Lo imperioso de volcarse (la sangre en el papel de Marguerite Duras), lo
violentamente disfuncional de la confesión solitaria y por completo inútil. Y
de allí, la maravillosa imperfección de ese propio gesto vano, de la
necesidad solventada en el deseo indefectible de plasmar lo que tal vez no
sea visto o leído jamás. Pero es justo esa misma acción la que se torna, en
ese punto definitivo, en algo definitorio. ¿Quién es el destinatario de un
diario íntimo cuando deja de ser uno mismo? Si es escrito o filmado para
que sea haga público el gesto de la confesión inútil se tergiversa, se anula.

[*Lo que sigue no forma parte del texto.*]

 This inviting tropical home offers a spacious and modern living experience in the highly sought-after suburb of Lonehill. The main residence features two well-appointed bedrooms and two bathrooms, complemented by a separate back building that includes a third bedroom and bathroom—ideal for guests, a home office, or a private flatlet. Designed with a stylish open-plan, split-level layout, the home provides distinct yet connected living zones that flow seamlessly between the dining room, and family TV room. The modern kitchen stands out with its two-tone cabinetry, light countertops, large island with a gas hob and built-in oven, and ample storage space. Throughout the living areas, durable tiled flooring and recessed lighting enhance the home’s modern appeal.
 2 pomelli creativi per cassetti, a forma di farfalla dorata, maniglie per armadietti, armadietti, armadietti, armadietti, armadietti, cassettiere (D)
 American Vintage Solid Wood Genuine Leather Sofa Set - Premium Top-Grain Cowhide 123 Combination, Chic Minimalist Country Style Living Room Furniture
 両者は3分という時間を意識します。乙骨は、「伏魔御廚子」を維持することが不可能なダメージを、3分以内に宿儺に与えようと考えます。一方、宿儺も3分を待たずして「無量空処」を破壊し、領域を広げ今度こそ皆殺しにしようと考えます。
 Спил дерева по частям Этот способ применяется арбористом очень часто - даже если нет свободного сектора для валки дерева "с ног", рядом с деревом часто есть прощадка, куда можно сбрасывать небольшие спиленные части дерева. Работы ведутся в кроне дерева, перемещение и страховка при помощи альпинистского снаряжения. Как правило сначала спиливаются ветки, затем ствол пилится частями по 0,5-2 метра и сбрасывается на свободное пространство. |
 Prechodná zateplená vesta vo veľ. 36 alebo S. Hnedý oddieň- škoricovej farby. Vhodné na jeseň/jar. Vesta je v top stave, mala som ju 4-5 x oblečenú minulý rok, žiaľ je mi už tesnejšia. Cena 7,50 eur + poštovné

El diario, allí, sea plasmado en el soporte que sea, transmuta en la más
pura ficción (o en esa realidad incomprobable del documento exhibido). Si
el otro es el destinatario, la inutilidad primigenia se torna puesta en escena
de uno mismo frente a los demás, una pura construcción regida por otras
cosas que no son, ya, la más inútil necesidad urgente de contarse uno
mismo. Y allí, tal vez, otra de las riquezas: la imperfección de esa urgencia
atravesada ya por los requerimientos de la (auto) puesta en escena. La
liberadora indeterminación del gesto.
“Diarios de Pamplona”, de Gonzalo Egurza, discurre sobre esa línea por
demás de imprecisa. ¿Qué vemos? ¿Qué nos cuenta? ¿Qué hay de
comprobable en eso? Y sobre todo cuando el diario íntimo es puesto en
escena por un ‘otro’ que los revisa, que los recorre asumiendo su papel en
la elaboración de una historia personal ya convertida en extranjera.
¿Familia? ¿Pasado? ¿Memoria? De algún modo, ya no importa, todo, en el
cine y el video, pertenece al terreno de la ficción, aunque esta se encuentre
disfrazada de otra cosa. Como un diario personal.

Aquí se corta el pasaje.